The code review and testing history is usually not useful information once a commit has been merged. For example, if there was a continuous integration (CI) test failure and a pull request needed to be changed, then the change should be made directly to the buggy commit so that the final commit passes the tests. No one needs to know about the code review or testing history once the code is merged and keeping these artifacts makes the commit history unwieldy by spreading a logical code change across multiple incomplete commits.

Saving work

There are valid reasons to temporarily save your work in a commit, but work-in-progress (WIP) commits should be cleaned up before merging them. For example, sometimes people make arbitrary commits to save work at the end of the day. That is fine in a local branch, but those temporary commits can be restructured into clean commits using git-rebase(1). No one else needs to know about temporary commits.

Broken commits

It can be easy to accidentally include a commit that does not build or fails tests if a later commit happens to resolve the issue. Since the later commit hides the issue it may not be apparent when testing the branch. When reordering commits the risk of introducing broken commits increases because those commits were originally written in a different order. I use the git-rebase(1) exec action to build and run tests after every commit to detect broken commits when doing extensive rebases.

Why clean commit history is important

Not all reasons for maintaining a clean commit history are obvious. Unfortunately all the above anti-patterns make commit history less useful so it's interesting to note that if you value any of the following reasons for keeping a clean commit history, then all anti-patterns need to be avoided.

Code review

Reviewers have an easier time reading clean commits than an unstructured series of commits. For example, if there is a broken commit because a function is used before it is defined in a later commit, then that affects code reviewers who read the commits linearly. They will be puzzled by the non-existent function and unable to decide whether it is being used correctly because it has not been defined yet. Although code reviewers could put in extra effort to reread the commits multiple times and try to remember the misordered changes, it's better to let code reviewers spend time on real issues rather than on untangling poorly structured commits.

Capturing the rationale for code changes

When each commit is a single logical change it becomes possible to write good commit descriptions that give the rationale for the code change. Explanations for why a code change is necessary, as well as links to issue trackers, email discussions, etc can be valuable when revisiting the commit history later. If commits contain multiple logical code changes or are incomplete then it is hard to include a good commit description, so the commit history is less useful when referring back to it later on.

Making cherry-picking easy

Many software projects maintain stable branches that still receive bug fixes for some time. This allows development to introduce new features and less mature code while users can run a mature stable release. However, maintaining stable branches can be time-consuming. Maintainers need to identify commits suitable for stable branches and cherry-pick or backport them. This requires clean commit history so that bug fixes can be applied in isolation without dragging in other code changes that do not fit the criteria for stable branches.

Enabling git-bisect(1)

When a bug is observed it may not be clear which commit introduced it. The git-bisect(1) command systematically searches the commit history and identifies the commit that caused the bug. However, git-bisect(1) only works with clean commit history. If there are broken commits then bisection becomes unreliable because some portions of commit history cannot be tested. Poorly structured commits, such as huge changes that do many different things, also make it difficult to identify which line caused the bug even when git-bisect(1) has determined which commit is to blame.

When clean commit history does not matter

The reason I have found that not everyone practices clean commit history is that they may not need any of this. Especially small projects developed by a single author may involve little code review, backporting changes to stable branches, or git-bisect(1). In that case the effort required to split code changes into clean commits and write good commit messages may seem unjustified. Of course this can change but once the commit history is messy there is not much to be done. So it's worth thinking carefully about whether to take shortcuts.

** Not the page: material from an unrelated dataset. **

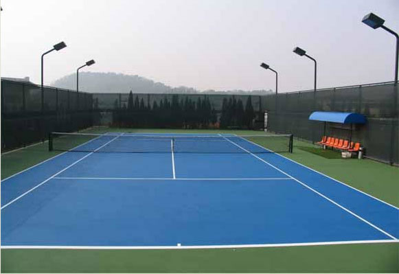 網(wǎng)球場(網(wǎng)球場地/網(wǎng)球場建設(shè)/丙烯酸網(wǎng)球場地/硬地丙烯酸網(wǎng)球場/彈性丙烯酸網(wǎng)球場/網(wǎng)球場地)是一個長方形場地,長36.58 米,寬18.29 米。球場四周用4米高圍網(wǎng)圍住,方便揀球。球場燈光宜采用8盞1000瓦燈具在球場兩側(cè)平均分布,光照度達到350LUX,配備一對網(wǎng)球中網(wǎng)柱,網(wǎng)中央高 0.914 米。推水器和防風(fēng)網(wǎng)都應(yīng)是室外網(wǎng)球場必備的球場設(shè)施。 目前流行的硬地網(wǎng)球場主要采用丙烯酸涂料。這種涂料可以在瀝青或混凝土底基上使用。根據(jù)硬度及球速不同,可分為硬地和軟墊彈性兩個系列。硬地系列主要構(gòu)造為:粘合層、紋理層、表面色彩層和漆線。而軟墊系列則是在粘合層與紋理層之間加入粗、細各一層的橡膠層。丙烯酸涂料的主要優(yōu)點: (1)極具競爭力的性能價格比。 (2)色彩選擇度大,耐磨性強。 (3)無毒,環(huán)保,耐紫外線照射。 (4)維護保養(yǎng)便利,使用壽命長。綜上所述,丙烯酸(硬地丙烯酸/彈性丙烯酸)涂料是目前網(wǎng)球場面層的首選材料。目前的主要品牌有:action-pave Tennislife Nova等。而Action-pave是中國網(wǎng)球協(xié)會授權(quán)特許使用中國網(wǎng)球協(xié)會(CTA)標(biāo)志此外,國外新興一種地面材料--懸浮式拼裝運動地板,因其具有使用時限長,減震性能好(有效吸附90%垂直沖擊力),安全性高,安裝簡便,適合多種運動項目,也越來越受到星級賓館酒店,私人俱樂部,大中學(xué)校等客戶喜愛。

Another factor is poor tooling. Gerrit and GitHub's code review has historically made it hard to practice clean commit history. They were not designed for reviewing commit series and favored anti-patterns like squashing everything into a single commit or adding additional commits to address code review feedback. These are tool limitations and luckily GitHub code review has become better over the years. Tools that encourage you to review a commit series as a single diff are not conducive to clean commit history.

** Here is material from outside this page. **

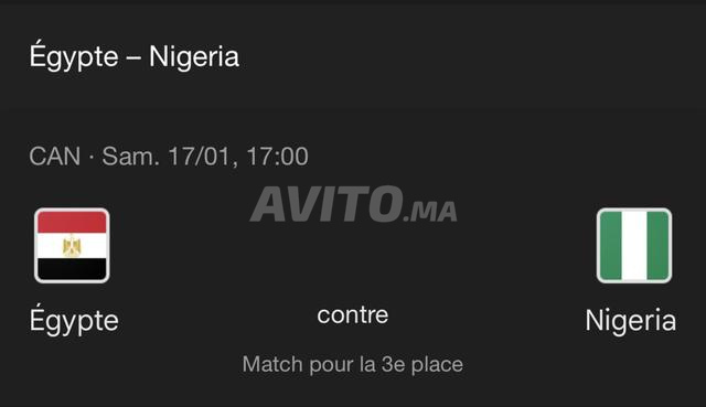 Je mets en vente 2 tickets Cat 3 cote à cote Match de petite finale Nigeria vs Égypte à bon prix

Finally, clean commit history requires proficiency with git-rebase(1) and that you are comfortable with the idea of rewriting your local branch to clean it up before publishing it. It takes a little practice to become competent at reordering, squashing, and splitting commits. The process can be a little scary, although git-reflog(1) makes it possible to undo even the most serious errors where commits were accidentally lost. On a related note, some people falsely believe that a pull or merge request branch should not be rebased. Although it is good practice to avoid rewriting history of branches that other people track, rewriting history and force-pushing a pull request is different. Most of the time no one else will maintain a local branch based on it and therefore force-pushing will not inconvenience anyone. Even if it is necessary to develop branches based on someone else's not-yet-merged branches, one needs to weigh the trade-offs of having to do more work in the short-term with the drawbacks of having a messy commit history forever.

Conclusion

I hope this is a useful summary of why each commit should have a clear purpose and embody a single logical change. For source repositories that are used by more than one person it is especially important to think about commit best practices. Clean commit history facilitates better code review, bug-finding, and maintaining stable branches. Beyond that it also provides a useful form of communication and sharing knowledge about the codebase that is missing when commit history is disregarded.

by Unknown (noreply@blogger.com) at February 03, 2021 09:25 AM

February 01, 2021

KVM on Z

Webcast: IBM Secure Execution for Linux Introduction and Demo

IBM Secure Execution for Linux allows to build a Trusted Execution Environment for IBM Z and LinuxONE that helps protect data in use.
This webcast gives an overview of the value and the key concepts of the technology, followed by a hands-on demo, outlining the steps needed to secure Linux workloads.

    UPDATE: A recording of the event is now available here.

Audience: Clients, Business Partners, IT Architects, Systems Admins

Speaker: Viktor Mihajlovski, Linux on IBM Z Development, Product Owner for KVM on IBM Z

Date: November 18, 11:00 AM - 12:15 PM EST

Registration: Register here, and check system requirements here.

by Stefan Raspl (noreply@blogger.com) at February 01, 2021 08:15 PM

January 30, 2021

Stefan Hajnoczi

Why learning the Vim text editor is worth it

Vim logo, GNU General Public License v2 or Later

Many tools come and go as our software and devices change - or we get bored and want to try something new and shiny. One of the few exceptions for me has been the Vim text editor, which I use for programming, emails, and writing every day. In this post I want to share why Vim is remarkable but more generally why learning a text editor is a great investment.

It may not be obvious why text editors are useful tools. Many programs, like web browsers, email clients, and integrated development environments (IDEs), have built-in text editing functionality. Why use a separate text editor? Text editors go deep. They are much more powerful than text boxes in browsers and email clients while being more general than IDEs. While IDEs often have excellent programming language-specific functionality, they are rarely used for other text editing tasks like writing emails or documents because they are specialized tools. Text editors strike a good balance of powerful editing and support for programming without being boxed into a narrow use-case.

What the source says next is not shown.